Dan Valley making most of first season at the helm

Newly hired women’s rugby head coach leading team into OUA semi-finals

Women’s rugby head coach Dan Valley.
Women’s rugby head coach Dan Valley.

While spearheading a university rugby team may be a first for Dan Valley, he hasn’t shown any signs of growing pains. 

After leading the women’s rugby team to a 3-2 regular season record, Valley and his team await an OUA semi-final showdown with McMaster this coming weekend. The lead-up to this moment, however, has been a lengthy one for one of Queen’s newest coaches.

Valley’s first entry into coaching came by total fluke at a young age. 

After being sidelined for the season with an injury during high school, Valley created and coached the women’s rugby team at Oakville Trafalgar High School. 

Quickly, Valley found a love for coaching that hasn’t died since.
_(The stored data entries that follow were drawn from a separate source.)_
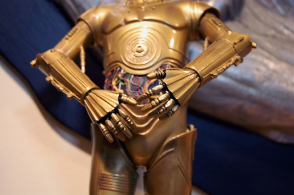 No, this isn’t an April Fool’s post. It’s true that strictly speaking this isn’t a Jabba-related item, but anyone who wants to put together a full display of Attakus Jabba’s palace statues will want to include C-3PO to act as Jabba’s interpreter. My first impression on opening this up was that it looked better than I expected. From pictures, I knew that it didn’t have a metallic finish (which C-3PO really should have). But it’s not the matte gold finish that I thought it was — he’s got a shiny coating over the gold. It is hard to see in pictures, but it does make it look somewhat better than I expected. It still looks more like shiny polished fiberglass than metal, but it’s not bad. He’s also slightly weathered, although it’s not really very effective or realistic.
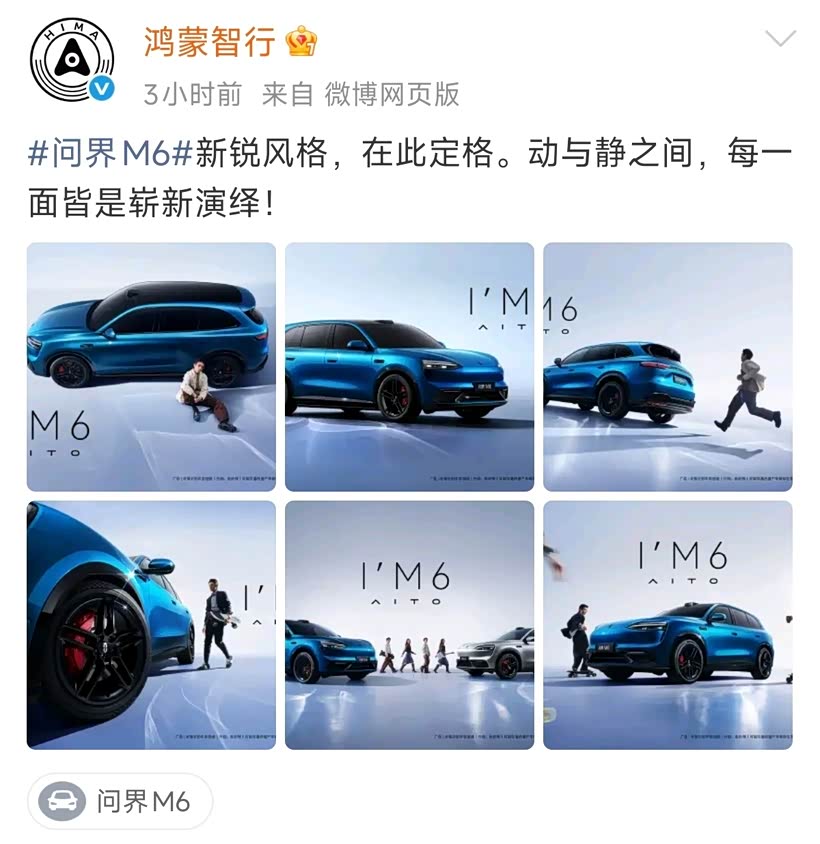 2月3日,鸿蒙智行官方微博放出了问界M6的实图,直接登上热搜!
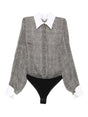 Just a reminder that this piece must be tried on over your own garments. Silk shirt bodysuit

The development of the program was his focus all the way until May 2017, when the team won OFSAA. At the same time, a job offer from Queen’s came in the mail.

“That afforded me the opportunity to develop the program that I had started as a teenager with good intentions but no clue where it was going to lead me…that was the catalyst for all the really cool coaching experiences I’ve been able to have,” Valley said.

As his career has progressed, Valley has had a slew of coaching opportunities at the national level. In 2013 he was named the assistant coach of Canada’s women’s U20 squad and in 2015 was appointed head coach of the national U18 program. Valley also spent some time in Hamilton as McMaster’s assistant women’s rugby coach, coincidentally defeating Queen’s in the 2015 national championships.

In recent years, the prospect of making a career out of coaching has become a clear goal for Valley. During his time at Oakville Trafalgar as a teacher, Valley was able to clearly define his future aspirations. In the end, the classroom wasn’t where his heart was.

“I knew I wanted to get a job where I could show up and coach for a living. I loved teaching, it was awesome…but I never really saw myself teaching for the rest of my career,” Valley said. “I was very happy when Queen’s made the decision they did.”

With the hire, Valley is just one of three full-time women’s university rugby coaches in Canada.

Upon his arrival to Queen’s, Valley has been through a lengthy learning process to figuring out the team’s style both on and off the pitch.

“The early days were spent finding out what the reality was from the inside,” Valley said. “That allowed me to shape the direction we needed to go and the path that we’ve started down.”

Once this was done, Valley was able to implement the type of culture and work ethic he envisioned.

“I’m very happy with the results we’ve had on pitch, sure, but more so the day today, the daily training and the quality of those sessions. I’ve been really happy with the mindset we’ve been able to adopt and stick with,” Valley said.

Valley has also found inspiration through professional sports. The Toronto Maple Leafs’ transition from a bottom feeder to competitor has been a source of curiosity for the women’s rugby coach since he acquired a Gaels team that he knew little about.

“How do [these teams] tick? How do they operate? What does that look like…how do we take all these things that are happening and in this context, what can we glean from that that’s going to make Queen’s better?” Valley said.

Following a 109-0 victory against Trent University this past weekend in the OUA quarterfinals, Valley isn’t short on confidence.

“We’re in a good spot and I’m happy with what we’ve been able to achieve so far and I just want us to go into Hamilton and be difficult to play against. I think we can be on the right side of that result,” Valley said.